Estonia’s deep tech ecosystem is still maturing, with much of the initial activity originating within academic institutions. But there’s momentum: revenues are rising, investor interest is real, and companies rooted in research are beginning to show sustainable growth trajectories. DeepTech sector leaders emphasised that this isn’t entrepreneurship that follows the typical startup script. Instead of rapid, feature-led iterations, deep tech requires patience, rigorous validation, and support frameworks that bridge research and commercialization.
The ecosystem’s progress is visible not only in dialogue, but in investment outcomes too. Deep tech companies have taken home significant support and recognition at pitching competitions, reinforcing the message that scientific foundations and commercial scalability are converging in Estonia faster than many anticipated.
This shift matters not just for Estonia, but for any community seeking to elevate its startup ecosystem — deep tech demonstrates that high-impact innovation is not always about speed, but about depth, resilience, and strategic support.
Why sTARTUp Day 2026 Mattered?
What brought these threads together was sTARTUp Day’s blend of festival energy and substantive dialogue.
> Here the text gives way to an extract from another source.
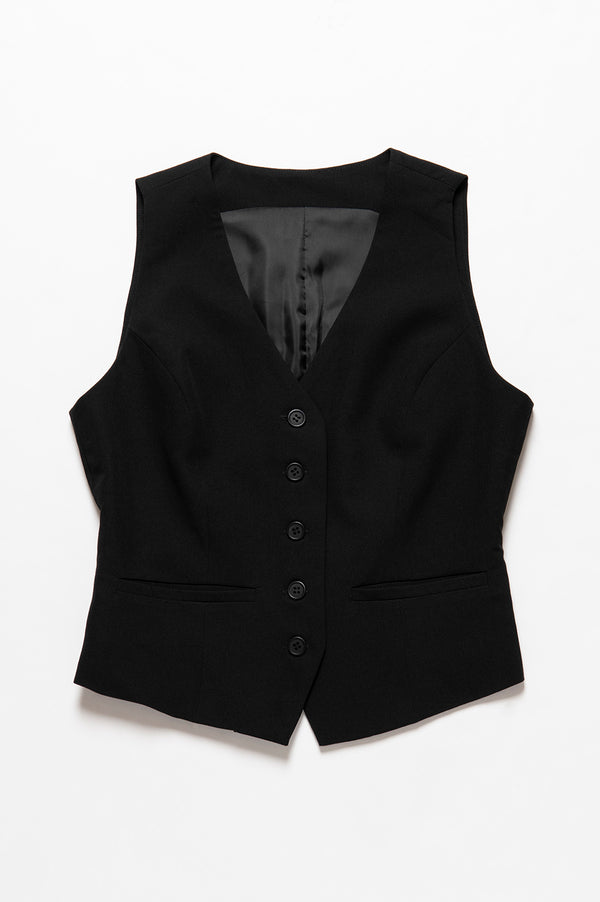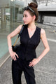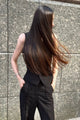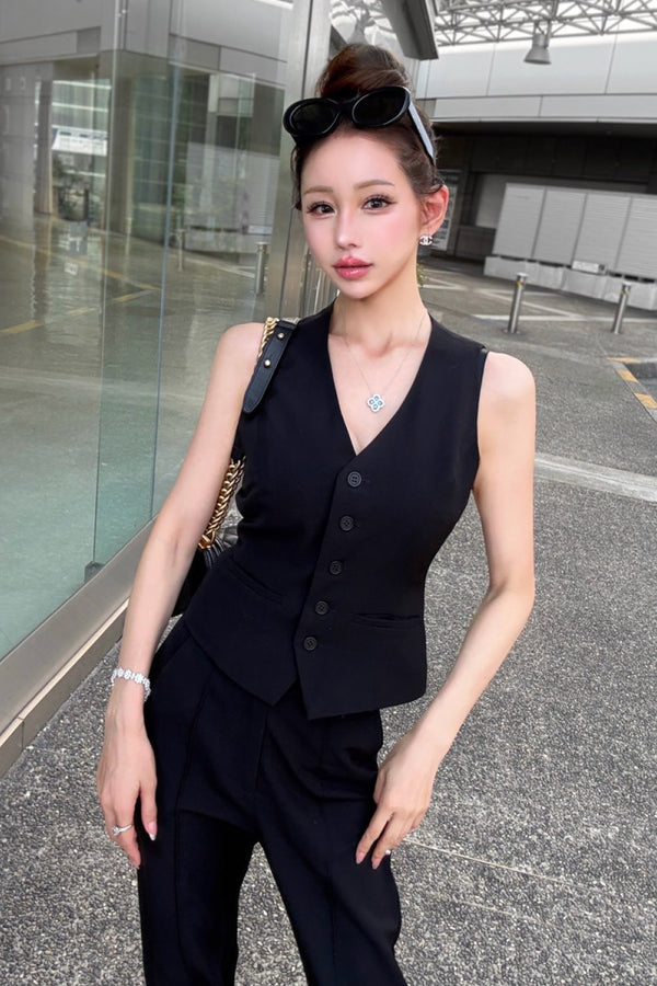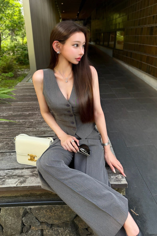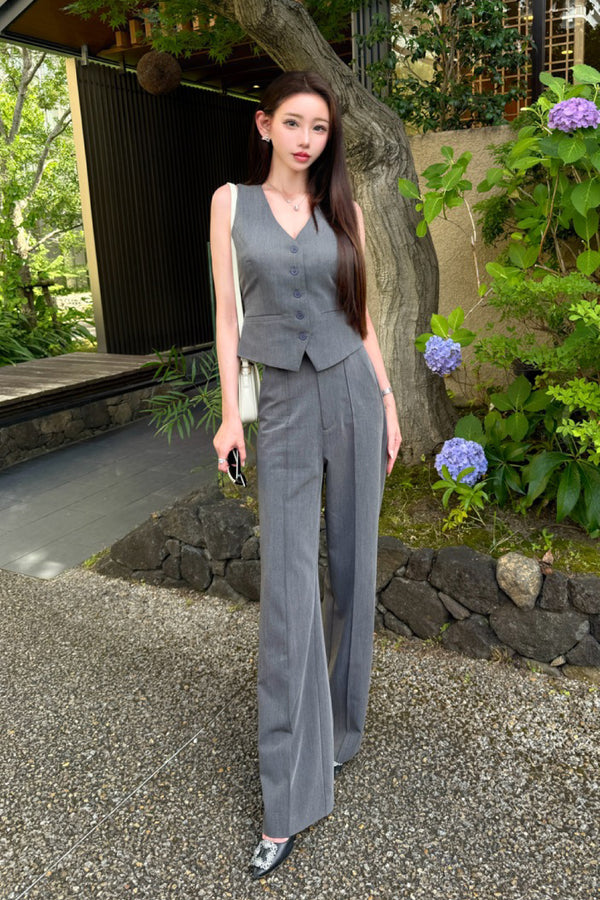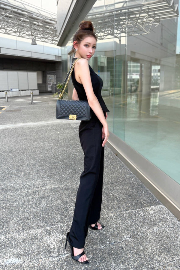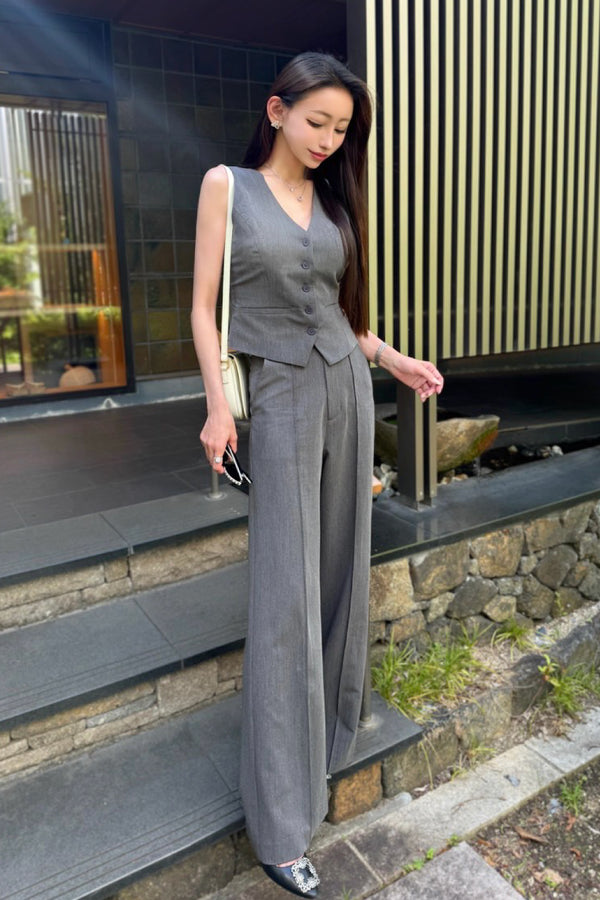 ハイウエストでくびれるジレのタックラインや、足捌きが良くしなやかに揺れるトレンドムードなフレアパンツもポイントです。

Across stages and conversation corners, innovation wasn’t a slogan — it was a practice rooted in solving real, meaningful problems.
With over 300 startups, diverse investor presence, and practical seminars alongside deep discussions, the event illustrated the state of entrepreneurship in 2026: curious, purposeful, and increasingly grounded in real-world impact. From matchmaking sessions to expert Q&As, from demo hall discoveries to executive breakfasts, the ecosystem on display was both vibrant and pragmatic.
For anyone tracking the frontier of European innovation, sTARTUp Day reaffirmed a clear truth: the most exciting technologies are those that don’t just push boundaries, but also address measurable needs with discipline, clarity, and resilience. Whether in defence, AI, or deep tech, the startups and conversations at the event are shaping an entrepreneurial future that is as thoughtful as it is ambitious.